Dynamically Modulated Core-Shell Microfibers to Study the Effect of Depth Sensing of Matrix Stiffness on Stem Cell Fate

It is well known that extracellular matrix stiffness can affect cell fate and change dynamically during many biological processes. Existing experimental means for in situ matrix stiffness modulation often alters its structure, which could induce additional undesirable effects on cells. Inspired by the phenomenon of depth sensing by cells, we introduce here core-shell microfibers with a thin collagen core for cell growth and an alginate shell that can be dynamically stiffened to deliver mechanical stimuli. This allows for the maintenance of biochemical properties and structure of the surrounding microenvironment, while dynamically modulating the effective modulus felt by cells. We show that simple addition of Sr2+ in media can easily increase the stiffness of initially Ca2+ cross-linked alginate shells. Thus, despite the low stiffness of collagen cores (<5 kPa), the effective modulus of the matrix felt by cells are substantially higher, which promotes osteogenesis differentiation of human mesenchymal stem cells. We show this effect is more prominent in the stiffening microfiber compared to a static microfiber control.

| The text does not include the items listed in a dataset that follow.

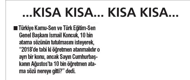 10 Bin Öğretmen Atama Sözü Nereye Gitti? – Türkiye Yeni Çağ Basında TES 18 Eylül 2017 FacebookTwitterWhatsAppLinkedin A- A A+ Son Haberler Haberler TÜRK DÜNYASINDA EĞİTİM ALANINDA İŞBİRLİĞİ SÜRÜYOR Türk Eğitim-Sen ve Uluslararası Avrasya Eğitim Sendikaları Birliği Genel Başkanı Talip Geylan ile Kırgızistan... 19 Şubat 2026 Tüm Haberler NORM FAZLASI RE’SEN ATAMADA YENİ BİR YÜRÜTMEYİ DURDURMA KARARI Sendikamız üyesinin, norm kadro fazlası olduğu gerekçesiyle re’sen, aile birliği mazeretine uygun olmayan bir... 17 Şubat 2026 Haberler GENEL BAŞKAN TALİP GEYLAN GÜVEN TAZELEDİ 15 Şubat 2026 tarihinde Ankara’da yapılan Türk Eğitim-Sen 8. Olağan Merkez Genel Kurulu'nda mevcut... 15 Şubat 2026 Haberler 8. OLAĞAN MERKEZ GENEL KURULUMUZ COŞKU İLE GERÇEKLEŞTİ Türk Eğitim Sen 8. Olağan Merkez Genel Kurulu, 15 Şubat 2026 tarihinde Ankara’da coşku... 15 Şubat 2026
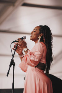 Quiana Lynell had the Jazz Tent at her feet during her set on April 29… What’s new? There was something really quite powerful in her interpretation of Duke Ellington’s “Come Sunday” — intentionally echoing Ellington’s 1958 recording with Mahalia Jackson — which she followed in an abrupt but graceful transition into Nina Simone’s “I Wish I Knew How It Would Feel To Be Free.” Both of these being anthems and tributes to the plight of black people in the US, from different eras and with different musical approaches, attitude and outlook, still resonate through the ages when placed in the hands and voices of the most apt of artists.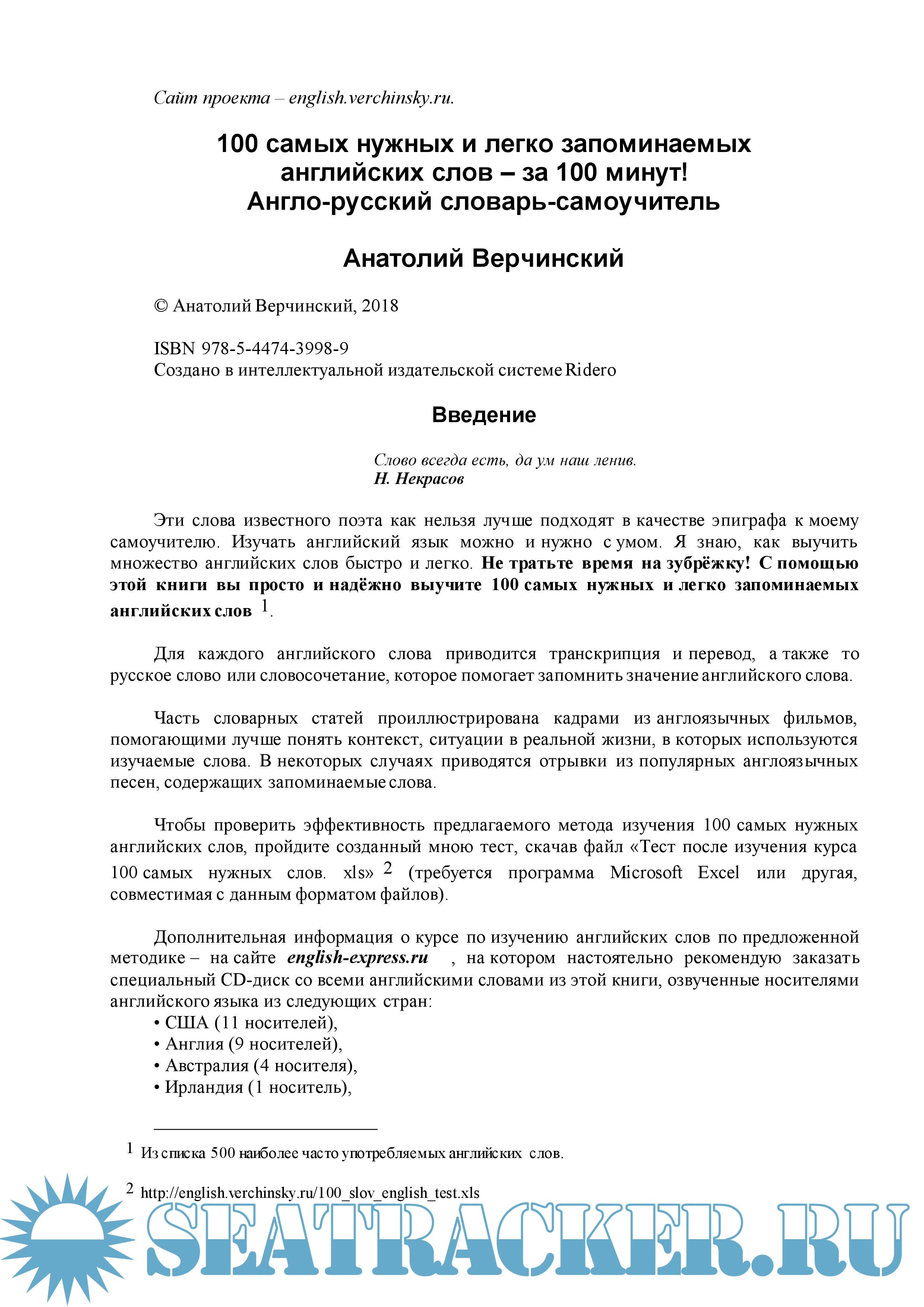 Список книг:1. 100 самых нужных и легко запоминаемых английских слов – за 100 минут!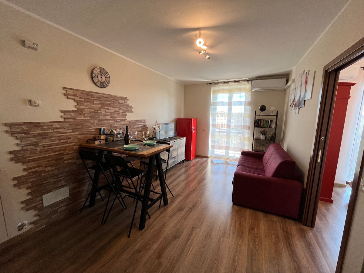 Appartamento di nuova ristrutturazione completamente attrezzato, con balconi e dotato di aria condizionata, zona giorno, angolo cottura, camera da letto separata, divano letto, WiFi gratuito e TV a schermo piatto. la struttura dispone di bagno privato con doccia, set di cortesia e asciugacapelli. Sono fornite biancheria letto e bagno. Situato in posizione comoda a tutti i principali servizi: negozi, panificio, farmacia, bar, pizzerie, ristoranti e gelaterie. Garage gratuito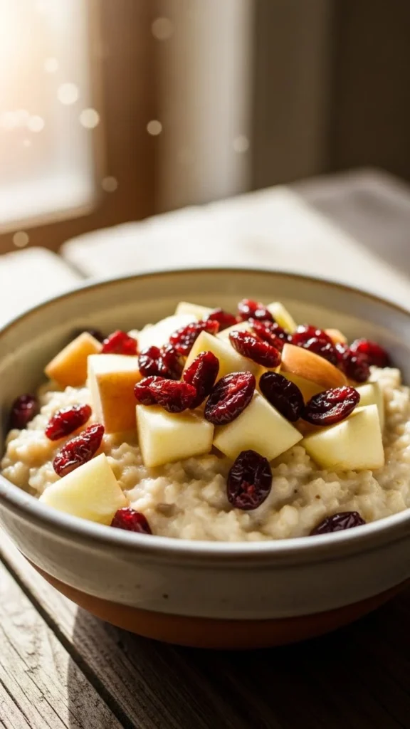 Apple cranberry oatmeal is sweet, tart, and hearty. Fold diced apples and dried cranberries into hot oats. Sweeten lightly with honey or maple syrup. Using dried cranberries keeps this recipe budget-friendly. This oatmeal keeps you full and warm on winter mornings. Optional toppings include nuts or cinnamon. Practical, simple, and satisfying.

This approach provides a versatile platform to independently and dynamically modulate cellular microenvironments with desirable biochemical, physical, and mechanical stimuli without an unintended interplay of effects, facilitating investigations of a wide range of dynamic cellular processes.

Automated summary

It has been shown that dynamically modulating the effective modulus felt by cells in their microenvironment by increasing stiffness can promote osteogenesis differentiation of human mesenchymal stem cells. Introducing core-shell microfibers with a thin collagen core and a dynamically stiffened alginate shell allows for this without altering the surrounding microenvironment's structure. This approach offers a versatile platform for investigating a wide range of dynamic cellular processes by independently and dynamically modulating cellular microenvironments with desirable biochemical, physical, and mechanical stimuli.